This Is Your Future
Wars are intensely emotional. They bring out the rawest gut reactions like sadness, despair, fear, panic, or revenge. These emotions are immediate and urgent, but they cloud or perceptions, entrenching us in base ideologies about the situation.
Naturally it is difficult to think about the future in a logical, objective way. But it is exactly during times of crisis that it is important to try and think rationally about the long term, lest we make potentially damaging decisions based on our gut and not our heads. So let’s leave aside our emotions and ideologies for a second and thing about the long term from a purely logical, almost economic, point of view.
But what is this future? As David Horowitz reported, according to Netanyahu the future is pretty much the status quo. Netanyahu casually admitted that due to rapidly expanding Islamic extremism, Israel cannot afford to leave the West Bank. Jeffrey Goldberg correctly pointed out in his follow up article in The Atlantic: “Netanyahu’s comments are the rhetorical equivalent of settlement expansion in the West Bank.”
But what does it really mean if the current settlement policy plays out for the next ten, fifteen, or twenty years?
In order to maintain a growing Israeli presence in the West Bank, more money will be poured into the infrastructure to maintain the population. Ten billion dollars were poured into the settlements between 1967 and 2003 for an estimated population of 230,000. An addition 170,000 settlers joined between 2003 and 2010, which cost the government an additional seven billion dollars. If past growth rates continued for the next fifteen years, the total population of Israelis settlers would reach one million people, at an additional cost of twenty-five billion dollars.
This additional population will undoubtedly increase the friction with the Palestinian population, which means a continuous military presence and billions of shekels more to defense.
But where will this money come from? The Israeli coffer is only so large. Money has been allocated directly (and sometimes covertly) to the settlements for years, arguably to the detriment of other national interests. The once-lauded educational system of Israel has drastically decreased in quality of the recent years. Expenditure per student is far below the OECD average, and the most recent survey results paint a fairly bleak future, particularly pertaining to educational opportunities between the rich and the poor.

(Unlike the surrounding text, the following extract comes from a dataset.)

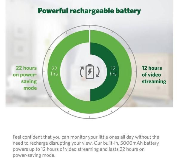 With up to 12 hours of video streaming and 24 hours of audio monitoring on a full charge, the long-lasting 5,000mAh rechargeable battery gives you uninterrupted monitoring day and night.

But not just education will suffer. As the Taub Center reported in 2010, total public expenditure, excluding defense and interest payments, has continuously decreased over the past decade. Even the seemingly infallible health system has been showing cracks.
Undoubtedly, some of the money will come in the form of taxes from the working population. Unfortunately, the long term future of Israel is worrying from this perspective as well. A study by the Ministry of Industry, Trade, and Labor found that labor force participation will decrease by 6% by 2030, meaning that if current labor and demographic trends remain, the secular and non-Haredi population in Israel will have to support an increasing amount of Haredi and Arab citizens. Though there are plans in motion to increase labor force participation for these two groups, (full disclosure – as an economic consultant I have worked on some of the projects currently being proposed in the government) they will barely make a dent in the future tax burden of the working population.
There is no question that maintaining the status quo of Netanyahu’s policy regarding the settlements will require significant financial support. This will greatly strain the average Israeli through increased personal and corporate taxes, and will further decay the quality of the remaining national interests.
The only alternative is to change the status quo. There are four options: the end of Israel, the end of the Palestinians, a one-state solution, or a two-state solution. The first two options are so extreme as to be irrelevant. Binationalism, in the form of one state, is impractical. As Goldberg points out, it is highly doubtful that Palestinians will agree to be second-class Israeli citizens. It is also highly doubtful that Israelis are willing to risk their Jewish majority. By process of elimination, the only viable option is a two-state solution, the details of which have been hashed out enough times to be tangible.
Those who have read this far will rightly point out that the West Bank is very different from the current conflict in Gaza with Hamas. But any change in policy in the West Bank will have immediate repercussions in Gaza as well. As William Saletan notes in Slate, many of the countries criticizing Israel have never “put their money where their mouth is” regarding Hamas. A policy shift over settlements would create an unavoidable paradigm shift whereby Israel would no longer be on the receiving end of widespread scorn, whether deserved or not. Concrete evidence of a move toward a two-state solution would undoubtedly give Israel support in their claims against Hamas and a legitimate bargaining chip in their dealings with other countries.
The question remains, when will those politicians who push for continued settlement activity, and the people who support them, realize that their ideology is ultimately unsustainable for the future of Israel. From an objective and economic perspective, the prognosis for the average Israeli is bleak in the coming twenty years, and every day that the status quo remains brings Israel that much closer to being unlivable. Removing Israelis from their homes is in the settlements is tragic, but we are quickly reaching the point of no return. We must decide today whether Netanyahu’s status quo, and the ideology behind it, is worth sacrificing the long term future of the country as a whole.